Information supplied:
· · · ·
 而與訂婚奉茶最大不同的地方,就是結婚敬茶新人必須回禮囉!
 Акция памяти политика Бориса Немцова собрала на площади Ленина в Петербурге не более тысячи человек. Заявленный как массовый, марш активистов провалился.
· · · ·
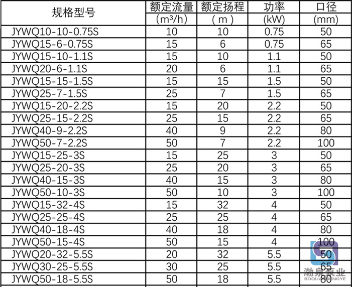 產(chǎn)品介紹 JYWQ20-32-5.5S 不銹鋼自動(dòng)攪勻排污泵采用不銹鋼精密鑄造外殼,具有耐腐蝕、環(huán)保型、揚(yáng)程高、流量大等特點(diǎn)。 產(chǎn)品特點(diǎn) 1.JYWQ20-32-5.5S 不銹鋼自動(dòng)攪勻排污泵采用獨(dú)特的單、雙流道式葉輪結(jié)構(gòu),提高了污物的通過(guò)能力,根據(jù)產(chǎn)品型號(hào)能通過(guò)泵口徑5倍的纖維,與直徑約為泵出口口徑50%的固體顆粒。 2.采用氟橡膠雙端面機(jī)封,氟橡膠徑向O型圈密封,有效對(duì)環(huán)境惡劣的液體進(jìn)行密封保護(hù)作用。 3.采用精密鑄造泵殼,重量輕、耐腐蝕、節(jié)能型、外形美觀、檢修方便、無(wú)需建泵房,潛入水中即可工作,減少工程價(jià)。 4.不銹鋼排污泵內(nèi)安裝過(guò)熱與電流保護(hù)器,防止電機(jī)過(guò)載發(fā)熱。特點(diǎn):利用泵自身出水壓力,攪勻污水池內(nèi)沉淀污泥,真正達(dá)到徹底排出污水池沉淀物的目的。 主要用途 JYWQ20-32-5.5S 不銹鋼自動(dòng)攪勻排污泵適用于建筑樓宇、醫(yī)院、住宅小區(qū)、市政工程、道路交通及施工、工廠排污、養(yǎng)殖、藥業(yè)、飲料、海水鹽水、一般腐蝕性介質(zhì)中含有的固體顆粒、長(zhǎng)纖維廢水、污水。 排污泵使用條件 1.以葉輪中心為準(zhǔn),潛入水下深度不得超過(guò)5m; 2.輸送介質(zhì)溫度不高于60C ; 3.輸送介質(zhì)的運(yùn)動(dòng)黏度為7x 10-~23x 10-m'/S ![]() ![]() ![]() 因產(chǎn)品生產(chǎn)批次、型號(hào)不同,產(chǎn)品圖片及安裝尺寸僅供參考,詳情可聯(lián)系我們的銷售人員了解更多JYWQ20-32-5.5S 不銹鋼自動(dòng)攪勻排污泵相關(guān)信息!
· · · ·
About this task:
In the data above, find the line that contains "而與訂婚奉茶最大不同的地方,就是結婚敬茶新人必須回禮囉!" and the line that contains "Акция памяти политика". Repeat exactly those lines and every line between them, and only those.

Answer to the problem:
 而與訂婚奉茶最大不同的地方,就是結婚敬茶新人必須回禮囉!
 Акция памяти политика Бориса Немцова собрала на площади Ленина в Петербурге не более тысячи человек. Заявленный как массовый, марш активистов провалился.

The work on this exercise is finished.